MR. SIMMS: Pardon? What do you mean? It says in the bill that it includes section 2 (b) the monetary benefits contained in the Labrador benefits agreement between the Crown and various parties signed May 7, 1990. Here is the agreement, signed May 7th, 1990 which provides for increases in the isolation allowance, increases in the travel allowance and increases in the dependence. Now if the Minister has the correct answer to the question, well let him provide it instead of playing little games over there.

AN HON. MEMBER: (Inaudible).

MR. SIMMS: No. The Minister can speak in the debate the same as anybody else.

AN HON. MEMBER: (Inaudible).

MR. SIMMS: Well, good. Sit down now - oh, you are trying to leave? Okay, that is fine. Thank you, Mr. Speaker. Are you ready, Bob?

AN HON. MEMBER: The Minister is going to stand now.

MR. SIMMS: Oh, you are going to stand?

AN HON. MEMBER: (Inaudible).

MR. SIMMS: Yes, well, I have no choice. My time is up. You just told me to sit down.

MR. SPEAKER: The hon. the President of Treasury Board.

MR. BAKER: Thank you, Mr. Speaker. What we are doing now is speaking to a bill in third reading. As I pointed out a short while ago, this limits debate considerably and puts restrictions on what Members can discuss; it does not allow wide-ranging debate. The bill has already received approval in principle in the House, it has already received detailed examination clause by clause and has been passed by the House, therefore, any debate is simply on the general structure of the bill as amended in the Committee stage.

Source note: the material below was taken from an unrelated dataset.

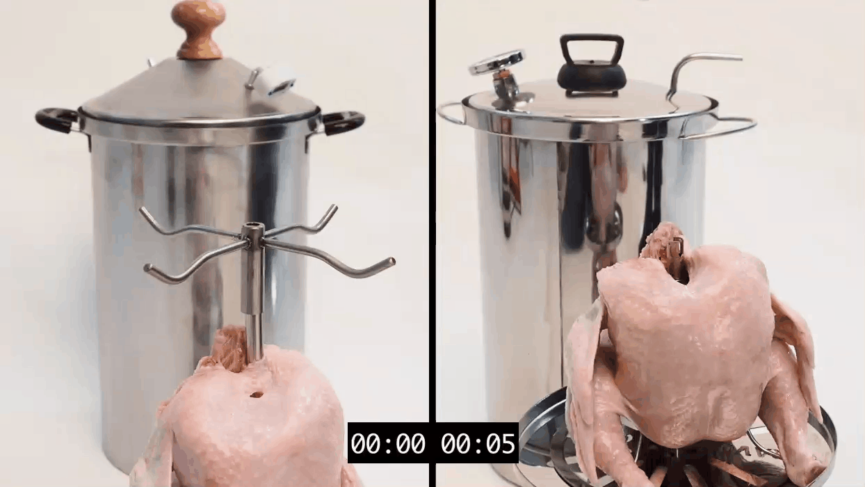 - Правильная насадка полностью “раскрывает” тушку. Дым свободно проникает внутрь, и курица коптится равномерно со всех сторон. Вывод: насадка для курицы должна быть в комплекте. Представьте, как курочка будет “сидеть” на насадке — дым должен быть и снаружи, и внутри тушки.

Mr. Speaker, there have been some questions asked which I believe are not relevant to debate in third reading; I believe the kind of discussion that has been going on for the last half hour is not within the spirit of the purpose of third reading, however, I feel I should answer the questions that were asked. My disagreement with hon. Members Opposite is that they tend to take a fact and twist it and convolute it and turn it around, turn it inside out, upside down, and because they started with a fact, they assume that whatever they do with that fact makes it true.

They discuss this bill and they talk about us totally eliminating pay equity for instance. That is not true. It is not true, but they say it. Because pay equity is mentioned in the bill, because we are changing one clause of an agreement, they think that gives them the moral right to get up and say that we have eliminated it all.

MR. SIMMS: You have for the last two years.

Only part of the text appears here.